A handover (or handoff) refers to a situation where all radio
resources of a connection are handed to another base station.
A handover decision can be based either on power level or quality
measurements according to some handover function.
Parameters needed in handover process
Triggering method (power level, quality level, load balancing or
other reasons)
Measurement period of the triggering quantity
Thresholds for making handover decision
Target cell selection process
Queing of HO request
University of Jyväskylä, Department of Mathematical Information Technology
Grade-of-service
Cellular systems accomodate a large number of users in a limited radio spectrum. A large number of users share a small number of channels in a cell.
Each user is allocated a channel from a pool of available channels when demanded.

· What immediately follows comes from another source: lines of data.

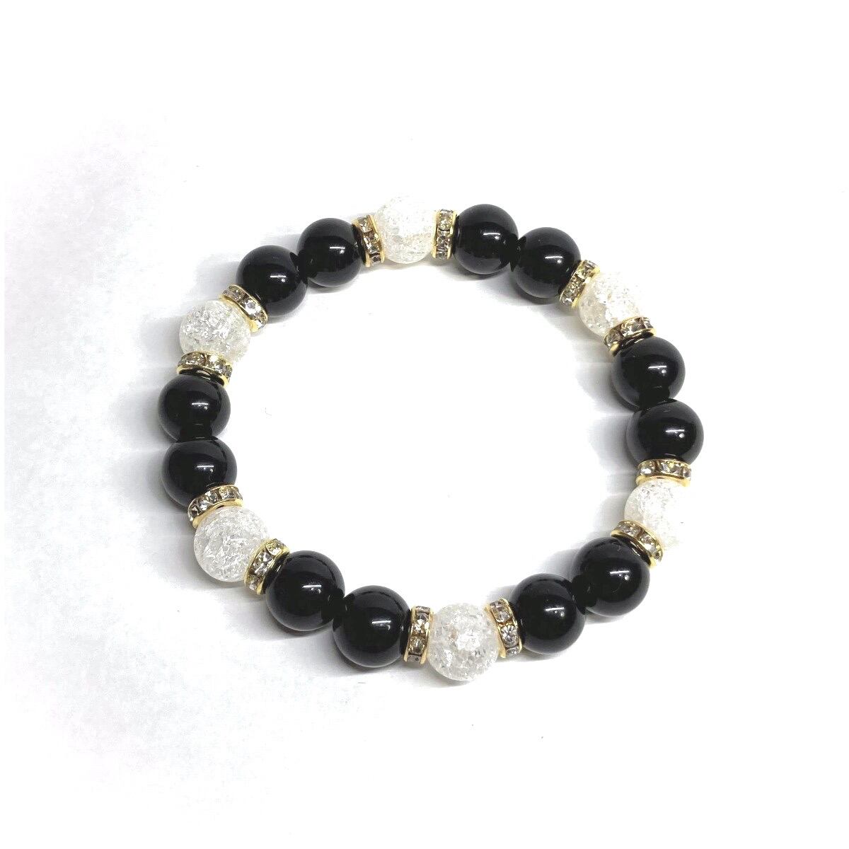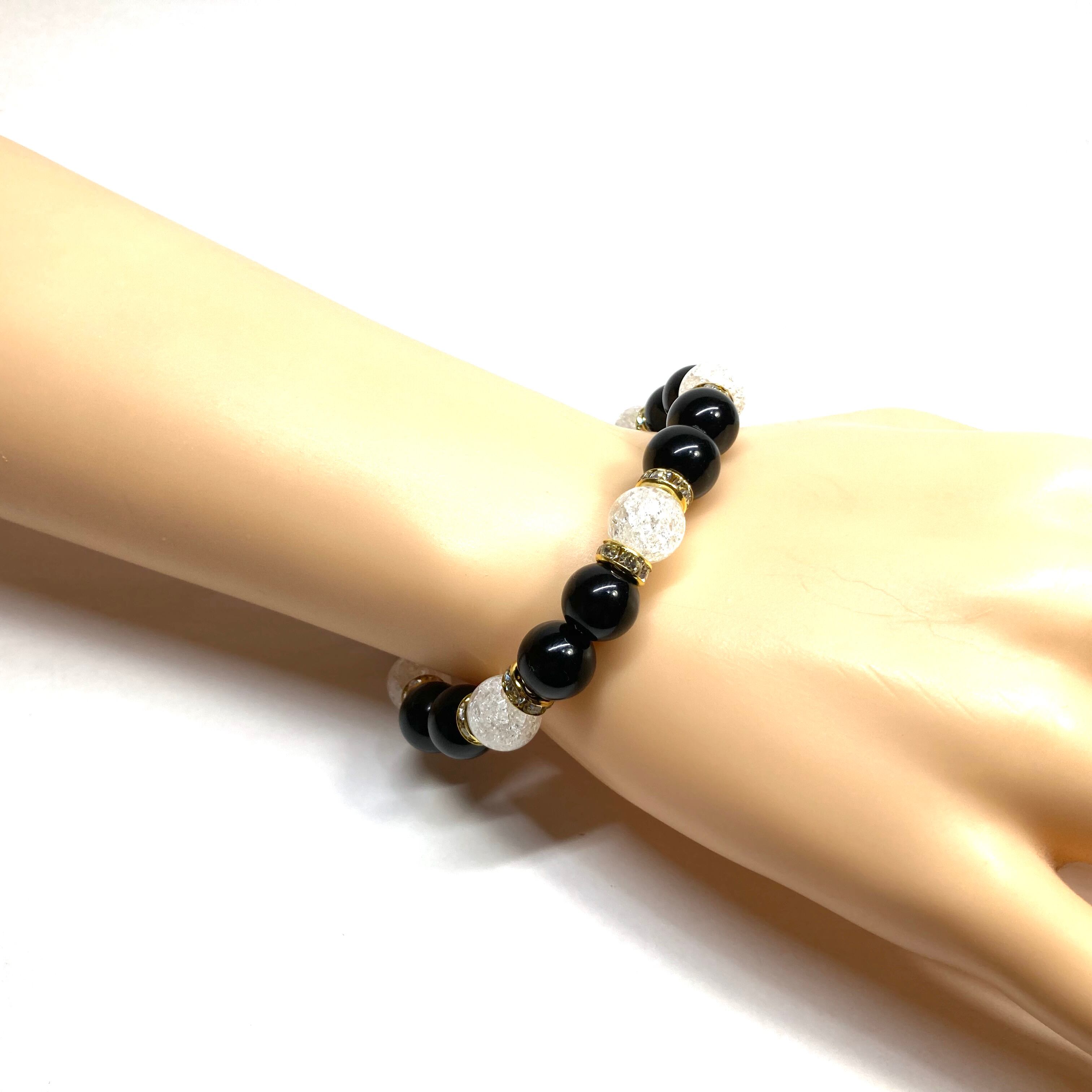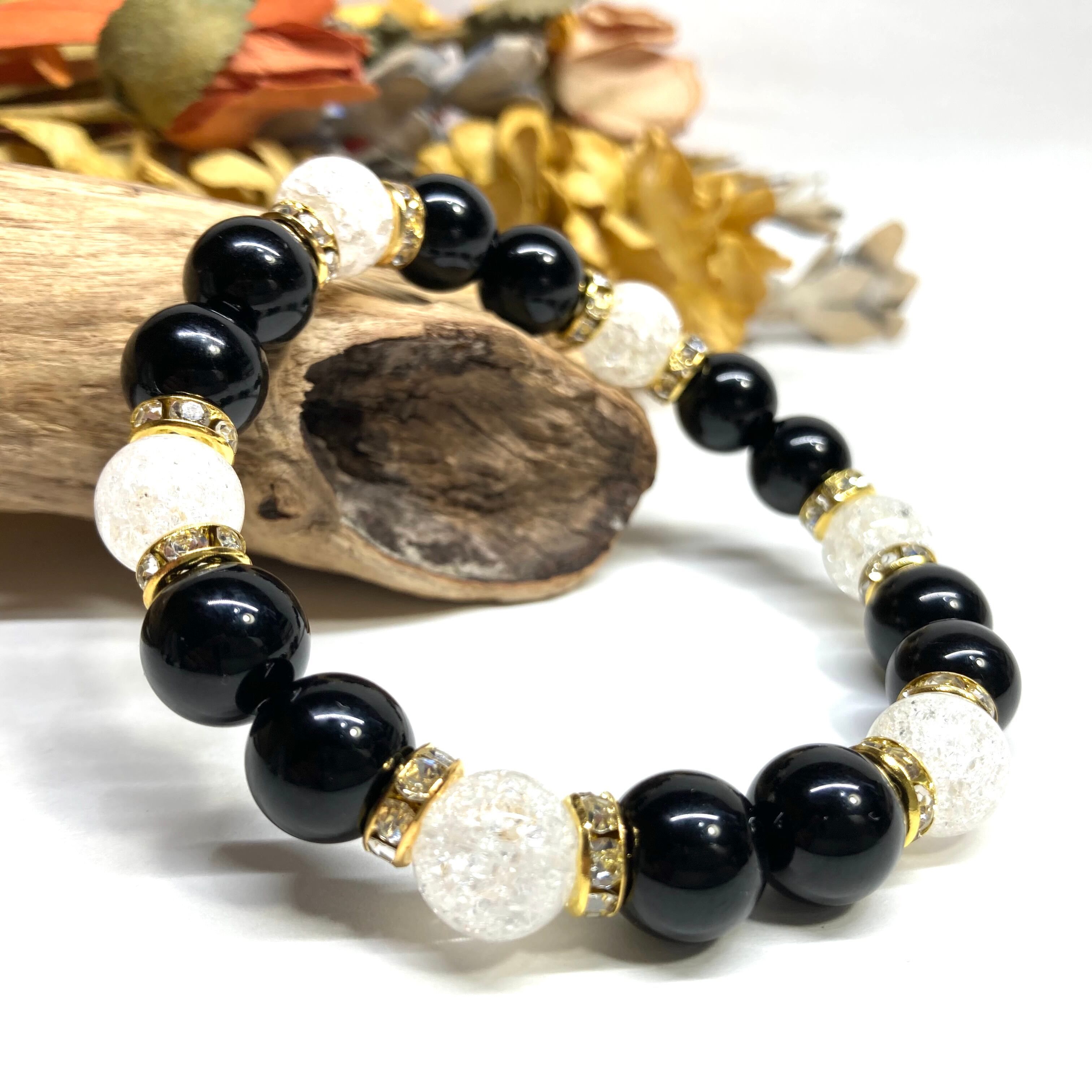 こちらは、モリオンとクラック水晶を組み合わせたパワーストーンブレスレットです。間にはロンデルを挟み高級感あるデザインに仕上げております。石大きさは腕にも馴染みやすいように10mm玉で内径約18cm(伸可能)です。 数に限りがございますので気になる方はお早めにどうぞ。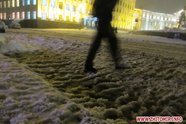 «В связи со сложными погодными условиями в течение ночи с 5 на 6 декабря на улицах Житомира работала противогололедная бригада уборочной техники в составе: 6 пескоразбрасывателей, 3 плужно-подметальных машины, 5 подметальных тракторов, 1 грейдер, 1 экскаватор. За ночь работы использованы 304 тона пескосолевой смеси. 6 декабря для обеспечения беспрепятственного движения автотранспорта на улицах города работает 18 единиц техники, выполняется плановая посыпка противогололедными материалами мостов и путепроводов, подъемов, спусков и улиц, по которым проходят маршруты общественного транспорта», - сообщает пресс-служба Житомирской мэрии.
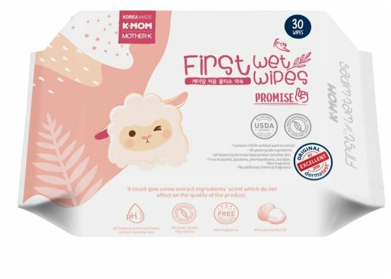 10 цен на Детские влажные салфетки для рук и рта K-MOM First Wet Wipes Promise, 30 листов 0+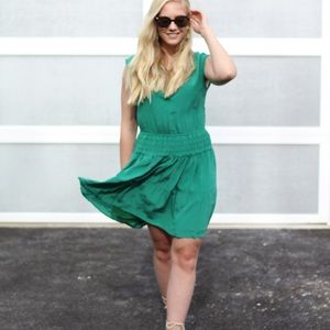 Green dress from J.Crew (size 4) in excellent condition (like new). Only worn twice and is a beautiful dress. 100% silk and lined with 100% polyester. Lightweight material, ruching at waist.

Channel allocation exploits the statistical behavior of users so that a fixed number of channels can accomodate a large random number of users.
The ability of users to access a system is measured by grade-of-service (GOS). GOS is typically given as the likelihood that the call attempt is blocked (that is, no available channel free at the time of call request and/or thereafter.)
To measure GOS we need to know the traffic intensity.
The unit for traffic intensity is Erlang (Erl). 1 Erlang means that one channel is occupied for an hour, that is “3600 call seconds”.
For example, if an average call length of 90s, the traffic generated by one user is 25 mErl (90s/3600s), and the total traffic for, say 100 users is, 2.5 Erl.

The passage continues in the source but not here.